Regions of the prefrontal cortex (PFC) and posterior parietal cortex (PPC) have long been implicated in the voluntary control of oculomotor behavior and of covert shifts of visuospatial attention (Colby et al., 1996; Kastner and Ungerleider, 2000; Vandenberghe et al., 2001; Corbetta and Shulman, 2002; Yantis et al., 2002; Bisley and Goldberg, 2003). The PPC, in particular, is widely thought to play a special role in coordinating visually guided spatial behavior, including attending, looking, and reaching (Culham and Kanwisher, 2001; Andersen and Buneo, 2002; Astafiev et al., 2003), as well as in coding the spatial and nonspatial attributes of auditory stimuli (Grunewald et al., 1999; Cohen et al., 2004; Gifford and Cohen, 2005; Mullette-Gillman et al., 2005). Little is known, however, about the neural substrate of spatial and nonspatial attentional control in nonvisual modalities; the extent to which the frontoparietal network of areas is involved in goal-directed attentional reorienting within the auditory modality remains an open question.
We measured cortical activity in human observers during spatial shifts of auditory attention (the “spatial experiment”) and during nonspatial shifts of auditory attention (the “nonspatial experiment”) using rapid event-related functional magnetic resonance imaging (fMRI). In the spatial experiment, attention was shifted between two voices in the left and right ear, respectively; in the nonspatial experiment, the two voices (one female, one male) were presented binaurally and simultaneously, yielding a perception in which the voices appeared to originate from the same spatial location at the center of the head; thus, spatial location could not be used as a basis for selection.

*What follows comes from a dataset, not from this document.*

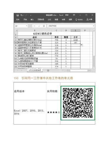 150 引用同一工作簿中其他工作表的单元格 适用版本 实用指数 Excel 2007、2010、2013、 ★★★★☆ 2016
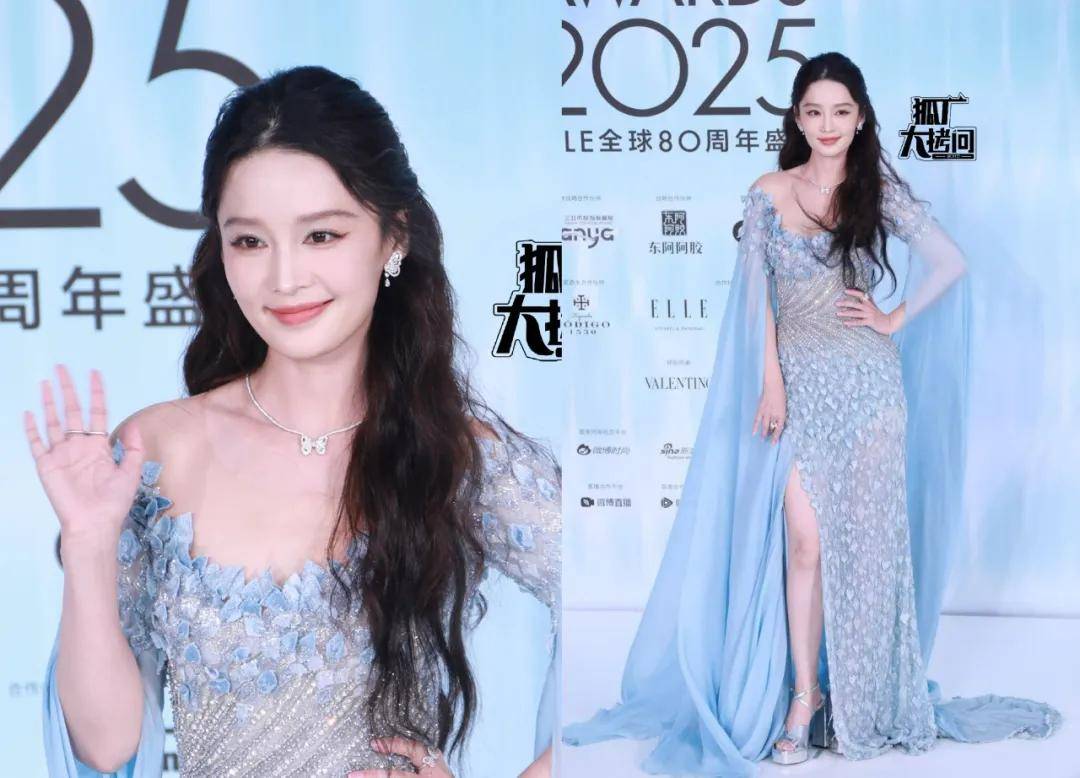 李沁的造型团队或者她本人选裙子的眼光总是会浪费她的美貌,这次的蓝色花朵长裙更像是来自街边影楼的婚纱。

The redeployments of attention evoked by this procedure were strictly voluntary and endogenous (targets and distractors were matched on sensory dimensions and differed only in the attentional instruction associated with each target), permitting us to measure neural events that were time locked to the voluntary act of shifting or maintaining attention isolated from sensory responses that would have been evoked by a discrete attention cue.
Materials and Methods
Subjects. Twelve neurologically healthy young adults (eight women; age, 20–31 years; mean age, 23.8 years) for the spatial experiment and 13 neurologically healthy young adults (seven women; age, 20–34 years; mean age, 24.6 years) for the nonspatial experiment were recruited from the Johns Hopkins University community. Informed consent was obtained from each subject in accordance with the human subjects research protocol approved by the Institutional Review Board at the Johns Hopkins University.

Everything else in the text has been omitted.